GSA Connects 2023 Meeting in Pittsburgh, Pennsylvania

Paper No. 127-2
Presentation Time: 1:55 PM

LEVERAGING METRIC LEARNING FOR ROBUST IMAGE CLASSIFICATION: A CASE STUDY ON CHEILOSTOME BRYOZOANS (Invited Presentation)


PORTO, Arthur, Florida Museum of Natural History, University of Florida, Gainesville, FL 32603 and DI MARTINO, Emanuela, Natural History Museum, University of Oslo, Sars gate 1, Oslo, 0562, NORWAY

In the intersection of paleobiological science and artificial intelligence (AI) research, species classification emerges as a fundamental and yet remarkably challenging task. The inherent diversity and complexity of living organisms creates the need for models capable of handling data not included in supervised training sets - a significant challenge to conventional AI methods. Conventional image classification models typically demonstrate strong performance within their training distributions; however, they tend to severely underperform when applied to out-of-distribution data. These issues are especially prominent in the study of marine invertebrate taxa, where extensive morphological and habitat diversity, coupled with limited sampling and scarce ecological information, exacerbates the taxonomic complexities.

To address these challenges, we here propose the use of metric learning-based techniques, such as supervised contrastive learning (SupCon). Unlike traditional models that focus on optimizing class predictions, SupCon facilitates the learning of trait spaces that draw biologically similar instances closer together and separate dissimilar ones. This strategy, while still leveraging known species labels during training, has the potential to mitigate numerous issues inherent to traditional species classification models. The efficacy of this approach becomes particularly apparent when extended to include fossil taxa, where data sparsity poses a significant challenge.

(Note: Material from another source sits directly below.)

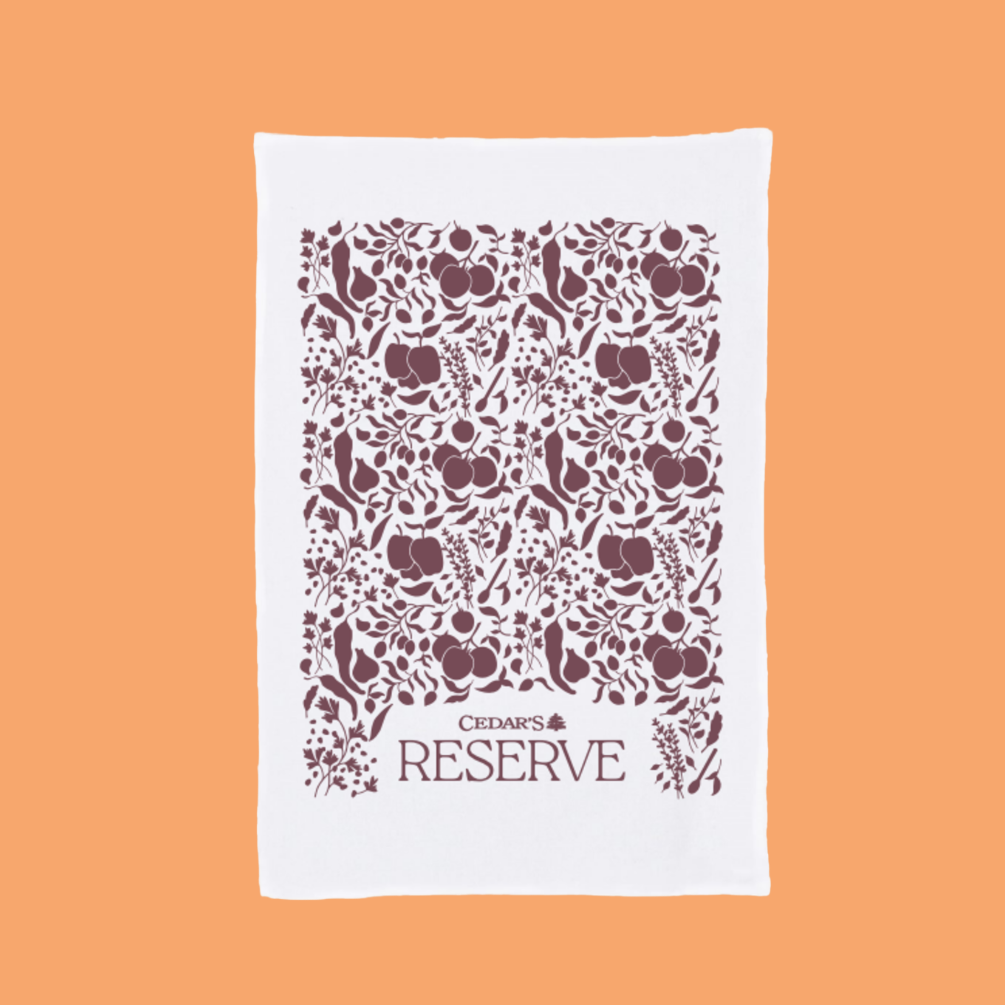 To round out the collection, we created a premium tea towel printed edge-to-edge with a custom illustrated pattern developed specifically for this launch. The artwork incorporates ingredients and textures from Cedar’s product line, translated into a modern, monochromatic print that feels more “boutique home goods store” than promotional item. Water-based ink kept the print soft to the touch and allowed the illustration to feel elevated, authentic, and worthy of a kitchen display.
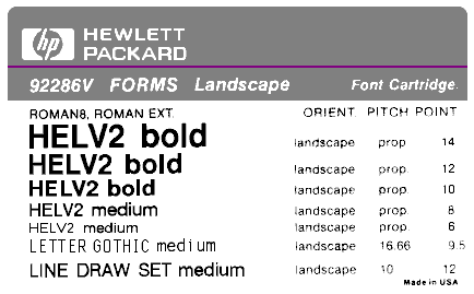 | Helv | 10 | Prop. | Upright | Bold | P | Roman-8 & Roman Ext. |

Our preliminary experiments within the order Cheilostomata suggest that models trained using metric learning methods yield promising results in terms of classification accuracy, not only within and across genera but also for out-of-distribution data. We posit that the creation of such robust trait spaces can substantially enhance the integration of AI in paleobiological species classification, positioning metric learning as a viable and potential alternative to traditional image classification approaches.